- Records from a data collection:

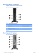 Tabela 1-2 Elementy panelu tylnego 1 Gniazdo kabla zasilającego 6 Złącze monitora VGA (niebieskie) 2 Złącze monitorowe DVI-D (Digital Video Interface) (białe) 7 Złącze myszy zgodnej ze standardem PS/2 (zielone) 3 Złącze klawiatury PS/2 (purpurowe) 8 Złącze sieciowe RJ-45 4 Port USB (Universal Serial Bus) (6) 9 Wejściowe złącze audio (niebieskie) 5 Złącze wyjścia liniowego dla zasilanych urządzeń audio (zielone) UWAGA: Układ i liczba złączy różnią się w zależności od modelu komputera.
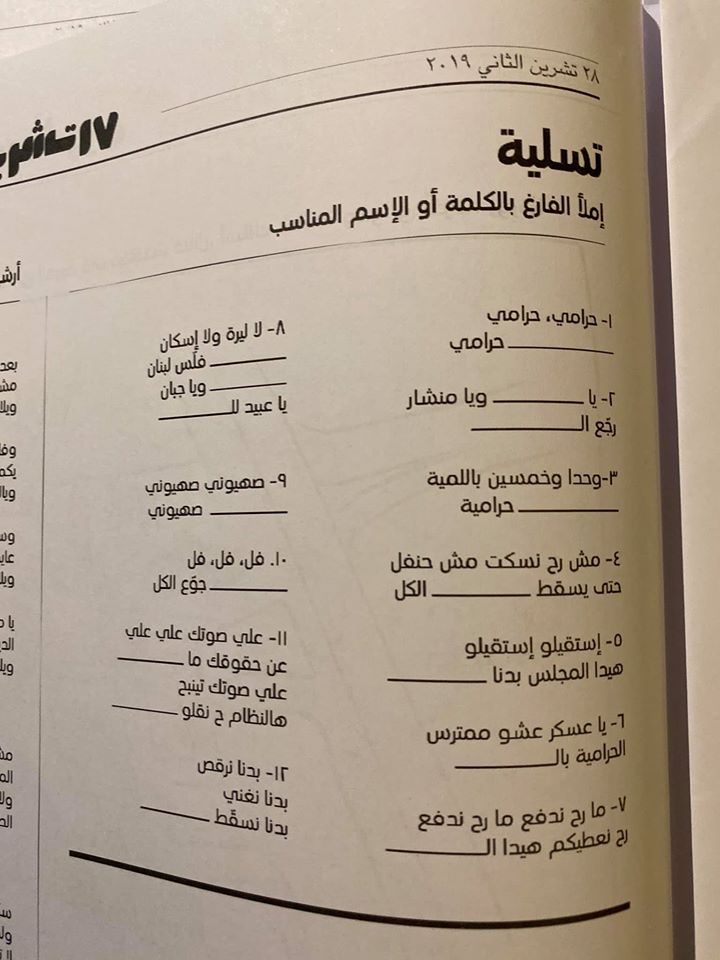 أطلق المحتجّون في لبنان صحيفة باسم الثورة حملت عنوان “17 تشرين” وتحتوي مقالاتٍ وتقاريرَ ورسوماً ومسابقات تسلية من قلب الاحتجاجات والتظاهرات التي اندلعت في مختلف المناطق اللبنانية منذ 17 تشرين الأوّل 2019.
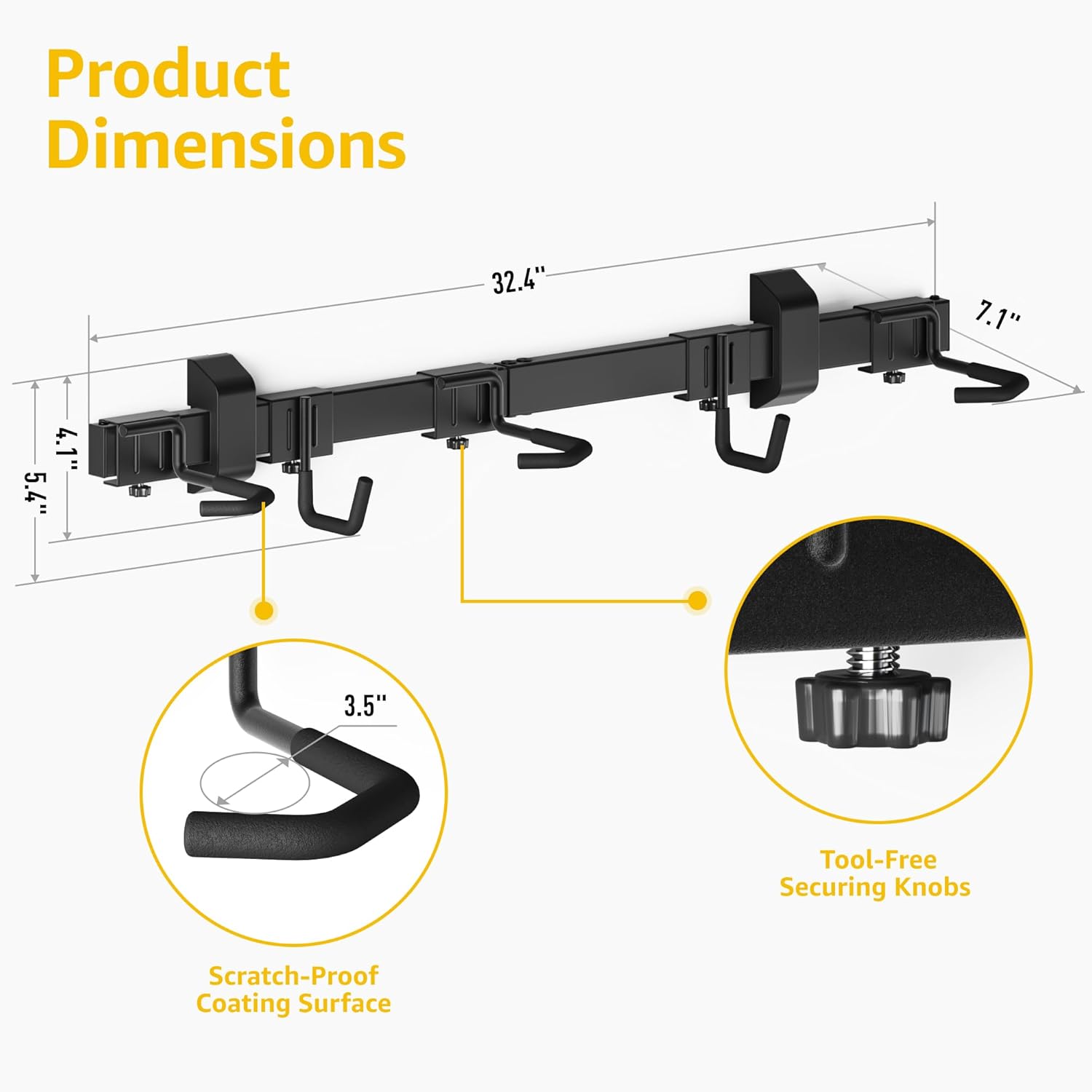 - 【ORGANIZED BIKE STORAGE】The monTEK wall mount bike rack provides 3 bike hangers and 2 helmet hooks, featuring a 32-inch long rail that elevates your bikes off the ground, freeing up valuable garage floor space. It simplifies garage organization and cleaning, truly maximizing space efficiency. This bike rack garage is perfect for garages, storage rooms, apartments, and more.
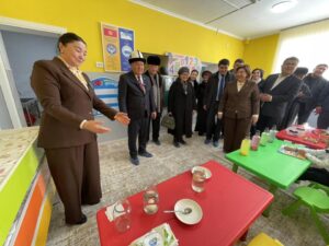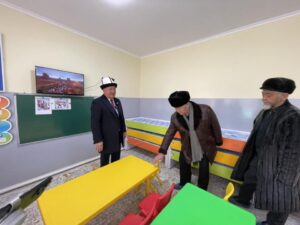 Сулайман-Тоо аймактык башкармалыгында “Айданек” балдар бакчасында түзүлгөн шарттар менен калаа башчысы Жеңишбек Токторбаев, шаардык кеңештин төрагасы Болот Баетов, жергиликтүү бийлик өкүлдөрү жана ата-энелер таанышып чыгышты.
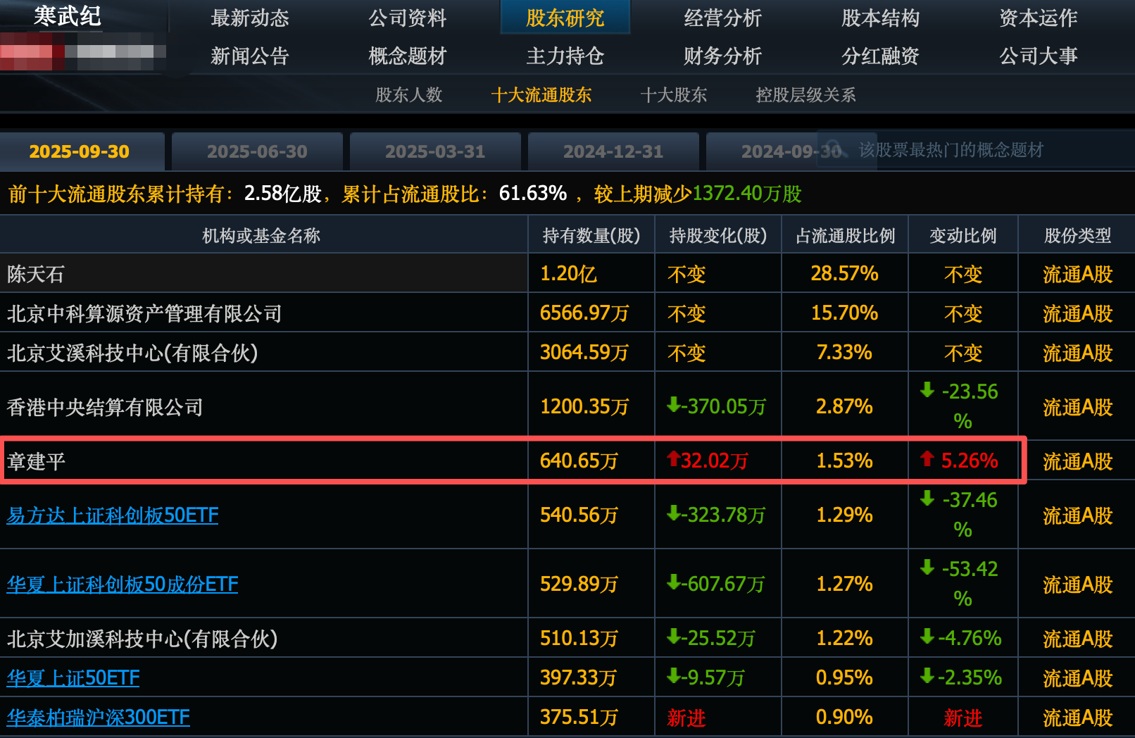 今天晚上又有很多公司公布了业绩,但其中有一个公司非常有意思,他就是芯片龙头寒武纪,根据最新的股东数据看,牛散章建平又加仓了。
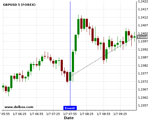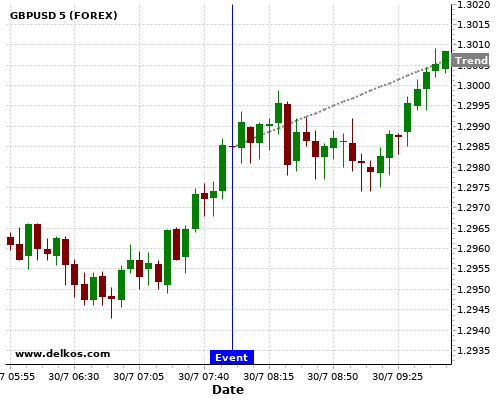 This probability is based on the last 12 DE Unemployment Rate events, in which 4 of the last 5 events where the actual number was less than than the economist consensus resulted in an up trend of GBPUSD.
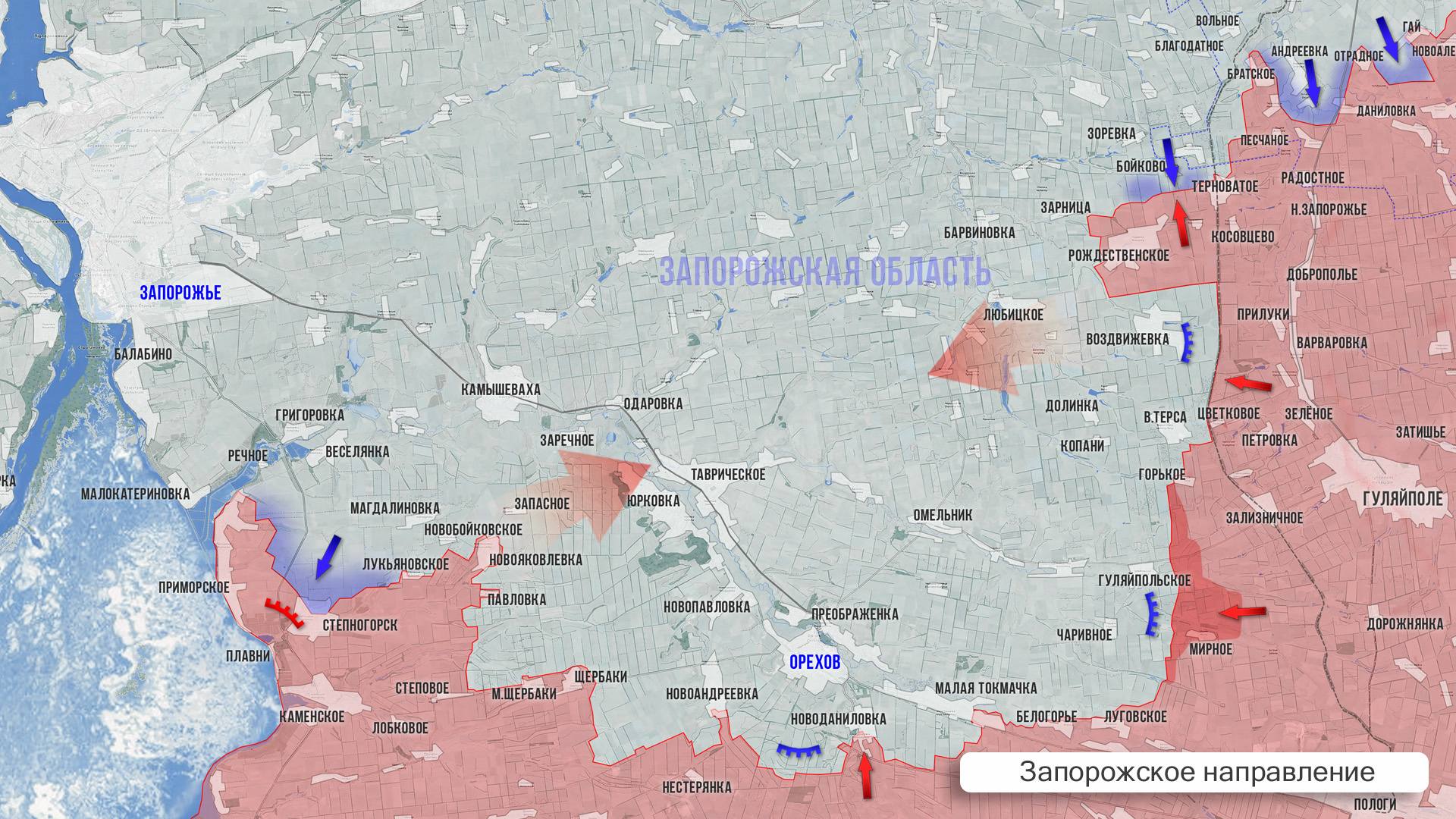 На Запорожском участке ситуация тяжёлая, ВСУ постепенно сдвигает линию фронта на западном фланге. Появляются сообщения о стрелковых боях между Степногорском и Приморским, где враг пытается отрезать наш гарнизон в Приморском от основных сил. К сожалению, на этом участке ВСУ перехватывают инициативу и пытаются выровнять фронт. На восточном фланге относительное затишье. К югу от Воздвижевки наши военные стараются продвинуться дальше на запад и вклиниться глубже в оборону противника, охватить Воздвижевку и Верхнюю Терсу с тыла.

- INSTRUCTIONS FOR THE TASK:
Could you copy every record exactly, without the pictures?

- SOLUTION TO THIS PROBLEM:
 Tabela 1-2 Elementy panelu tylnego 1 Gniazdo kabla zasilającego 6 Złącze monitora VGA (niebieskie) 2 Złącze monitorowe DVI-D (Digital Video Interface) (białe) 7 Złącze myszy zgodnej ze standardem PS/2 (zielone) 3 Złącze klawiatury PS/2 (purpurowe) 8 Złącze sieciowe RJ-45 4 Port USB (Universal Serial Bus) (6) 9 Wejściowe złącze audio (niebieskie) 5 Złącze wyjścia liniowego dla zasilanych urządzeń audio (zielone) UWAGA: Układ i liczba złączy różnią się w zależności od modelu komputera.
 أطلق المحتجّون في لبنان صحيفة باسم الثورة حملت عنوان “17 تشرين” وتحتوي مقالاتٍ وتقاريرَ ورسوماً ومسابقات تسلية من قلب الاحتجاجات والتظاهرات التي اندلعت في مختلف المناطق اللبنانية منذ 17 تشرين الأوّل 2019.
 - 【ORGANIZED BIKE STORAGE】The monTEK wall mount bike rack provides 3 bike hangers and 2 helmet hooks, featuring a 32-inch long rail that elevates your bikes off the ground, freeing up valuable garage floor space. It simplifies garage organization and cleaning, truly maximizing space efficiency. This bike rack garage is perfect for garages, storage rooms, apartments, and more.
 Сулайман-Тоо аймактык башкармалыгында “Айданек” балдар бакчасында түзүлгөн шарттар менен калаа башчысы Жеңишбек Токторбаев, шаардык кеңештин төрагасы Болот Баетов, жергиликтүү бийлик өкүлдөрү жана ата-энелер таанышып чыгышты.
 今天晚上又有很多公司公布了业绩,但其中有一个公司非常有意思,他就是芯片龙头寒武纪,根据最新的股东数据看,牛散章建平又加仓了。
 This probability is based on the last 12 DE Unemployment Rate events, in which 4 of the last 5 events where the actual number was less than than the economist consensus resulted in an up trend of GBPUSD.
 На Запорожском участке ситуация тяжёлая, ВСУ постепенно сдвигает линию фронта на западном фланге. Появляются сообщения о стрелковых боях между Степногорском и Приморским, где враг пытается отрезать наш гарнизон в Приморском от основных сил. К сожалению, на этом участке ВСУ перехватывают инициативу и пытаются выровнять фронт. На восточном фланге относительное затишье. К югу от Воздвижевки наши военные стараются продвинуться дальше на запад и вклиниться глубже в оборону противника, охватить Воздвижевку и Верхнюю Терсу с тыла.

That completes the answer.